- _Your objective_
The listing below holds pictures; exclude them. Return exactly the lines from the one with "Funda de Cuero" through the one with "ひざ丈 事務服 リクルート".

- _Entries provided_

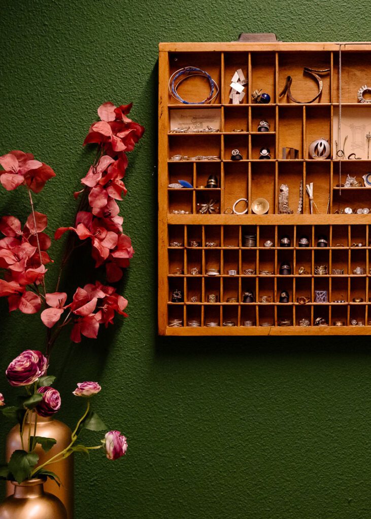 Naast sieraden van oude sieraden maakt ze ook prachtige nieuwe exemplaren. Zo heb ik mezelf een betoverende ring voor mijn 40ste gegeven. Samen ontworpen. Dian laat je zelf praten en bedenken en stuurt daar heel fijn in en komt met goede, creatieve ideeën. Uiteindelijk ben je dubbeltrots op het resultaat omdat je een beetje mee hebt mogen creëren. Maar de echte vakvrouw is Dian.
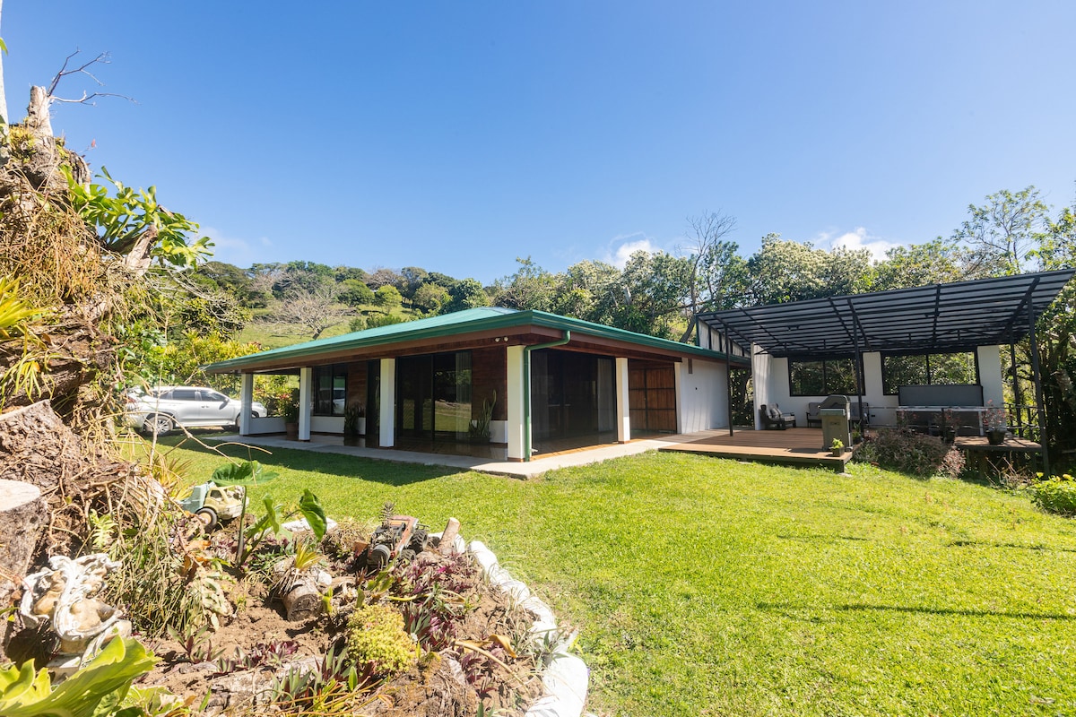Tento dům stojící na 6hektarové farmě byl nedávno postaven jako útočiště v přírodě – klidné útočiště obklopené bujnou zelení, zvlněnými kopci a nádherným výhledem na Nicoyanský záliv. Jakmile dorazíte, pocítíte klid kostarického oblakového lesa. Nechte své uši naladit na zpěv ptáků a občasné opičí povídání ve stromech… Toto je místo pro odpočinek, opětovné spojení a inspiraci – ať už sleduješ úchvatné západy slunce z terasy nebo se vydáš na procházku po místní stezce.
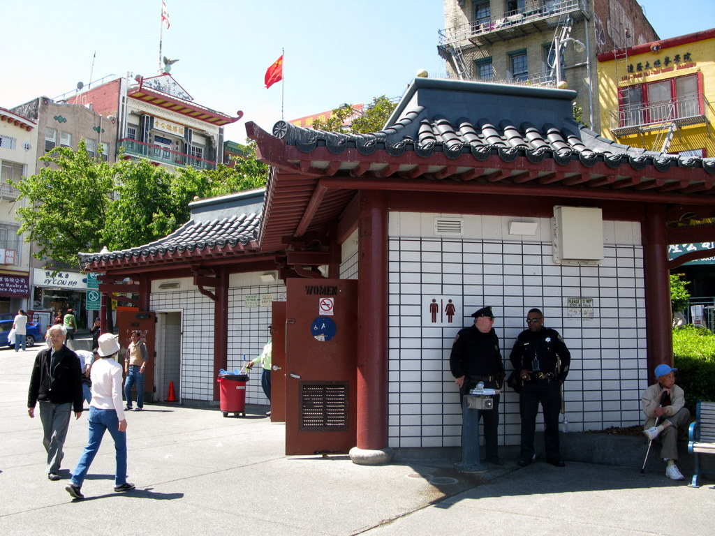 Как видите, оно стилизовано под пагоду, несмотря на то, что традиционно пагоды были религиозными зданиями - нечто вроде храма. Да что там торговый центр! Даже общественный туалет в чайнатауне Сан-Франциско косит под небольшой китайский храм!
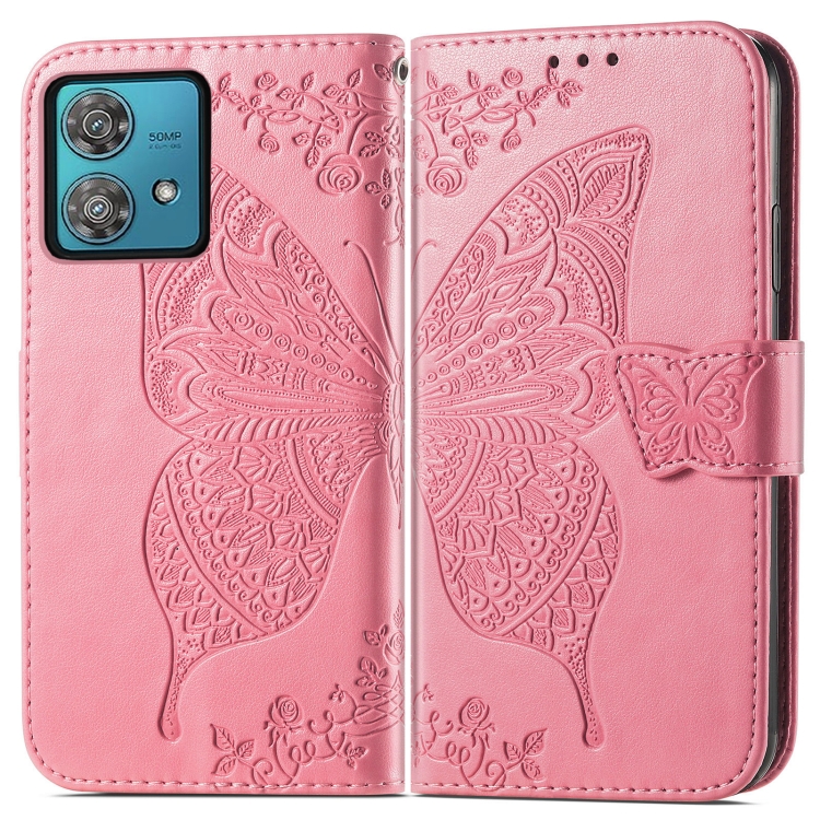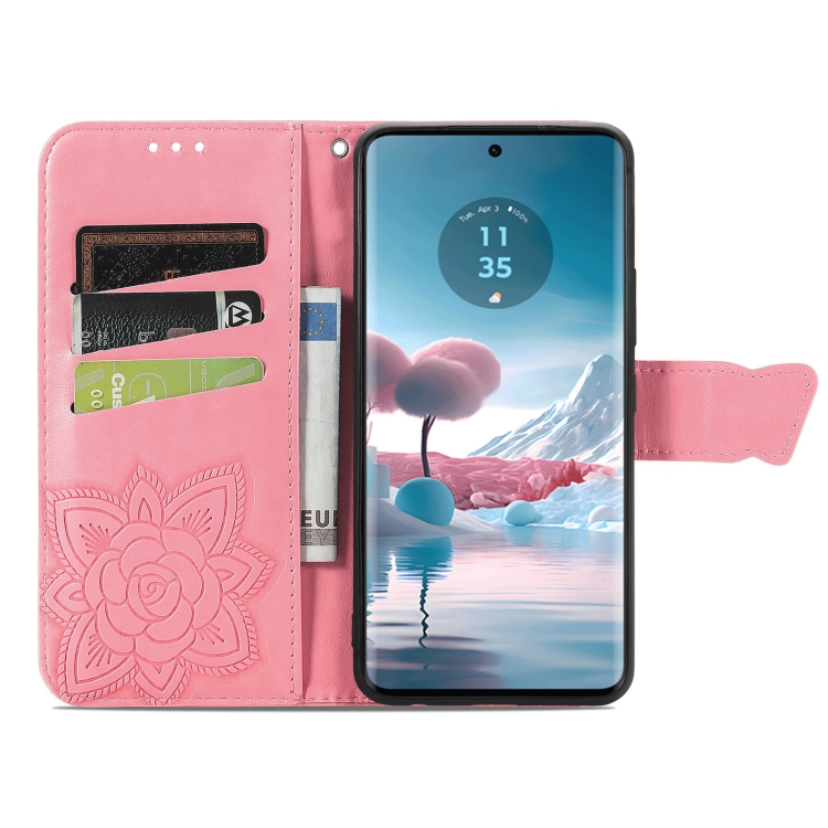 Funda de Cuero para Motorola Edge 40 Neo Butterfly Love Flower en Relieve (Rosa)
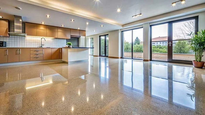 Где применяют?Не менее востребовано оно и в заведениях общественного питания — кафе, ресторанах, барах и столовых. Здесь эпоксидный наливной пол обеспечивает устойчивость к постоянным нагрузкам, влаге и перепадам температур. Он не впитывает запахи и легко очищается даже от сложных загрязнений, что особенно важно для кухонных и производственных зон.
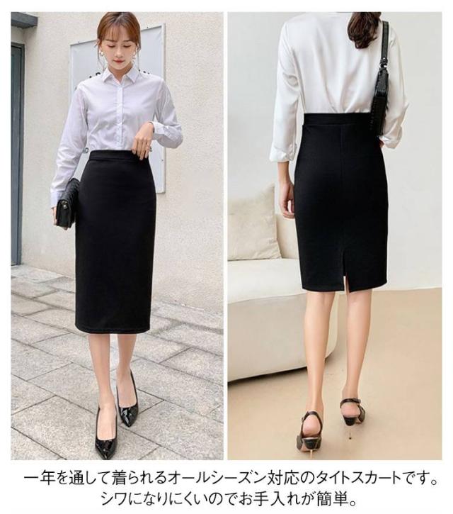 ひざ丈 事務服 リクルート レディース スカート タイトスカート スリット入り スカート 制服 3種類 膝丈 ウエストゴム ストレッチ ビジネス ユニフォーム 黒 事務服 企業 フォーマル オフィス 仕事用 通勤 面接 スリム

* * *

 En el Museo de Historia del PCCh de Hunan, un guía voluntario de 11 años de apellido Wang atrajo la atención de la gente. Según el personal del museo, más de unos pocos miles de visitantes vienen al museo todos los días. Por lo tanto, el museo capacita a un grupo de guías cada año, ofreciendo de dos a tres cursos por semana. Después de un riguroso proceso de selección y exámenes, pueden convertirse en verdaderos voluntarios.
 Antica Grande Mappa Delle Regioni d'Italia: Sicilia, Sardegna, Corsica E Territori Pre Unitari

==

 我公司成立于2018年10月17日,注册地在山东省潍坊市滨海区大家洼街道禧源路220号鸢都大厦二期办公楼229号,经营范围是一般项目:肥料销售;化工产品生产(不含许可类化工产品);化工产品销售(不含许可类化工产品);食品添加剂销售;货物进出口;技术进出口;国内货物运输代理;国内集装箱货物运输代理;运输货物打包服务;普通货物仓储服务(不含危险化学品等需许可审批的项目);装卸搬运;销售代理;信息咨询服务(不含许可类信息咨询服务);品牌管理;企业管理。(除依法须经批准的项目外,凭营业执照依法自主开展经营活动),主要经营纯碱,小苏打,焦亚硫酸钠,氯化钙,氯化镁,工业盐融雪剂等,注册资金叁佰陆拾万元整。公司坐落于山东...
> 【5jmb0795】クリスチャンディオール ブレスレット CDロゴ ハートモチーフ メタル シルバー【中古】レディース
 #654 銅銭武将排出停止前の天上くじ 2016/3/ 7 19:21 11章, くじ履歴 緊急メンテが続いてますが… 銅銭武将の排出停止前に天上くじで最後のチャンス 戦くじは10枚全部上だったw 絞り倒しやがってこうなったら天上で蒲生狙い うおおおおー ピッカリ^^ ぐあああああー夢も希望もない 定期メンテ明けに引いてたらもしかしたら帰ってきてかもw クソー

- _Output for this exercise_
 Funda de Cuero para Motorola Edge 40 Neo Butterfly Love Flower en Relieve (Rosa)
 Где применяют?Не менее востребовано оно и в заведениях общественного питания — кафе, ресторанах, барах и столовых. Здесь эпоксидный наливной пол обеспечивает устойчивость к постоянным нагрузкам, влаге и перепадам температур. Он не впитывает запахи и легко очищается даже от сложных загрязнений, что особенно важно для кухонных и производственных зон.
 ひざ丈 事務服 リクルート レディース スカート タイトスカート スリット入り スカート 制服 3種類 膝丈 ウエストゴム ストレッチ ビジネス ユニフォーム 黒 事務服 企業 フォーマル オフィス 仕事用 通勤 面接 スリム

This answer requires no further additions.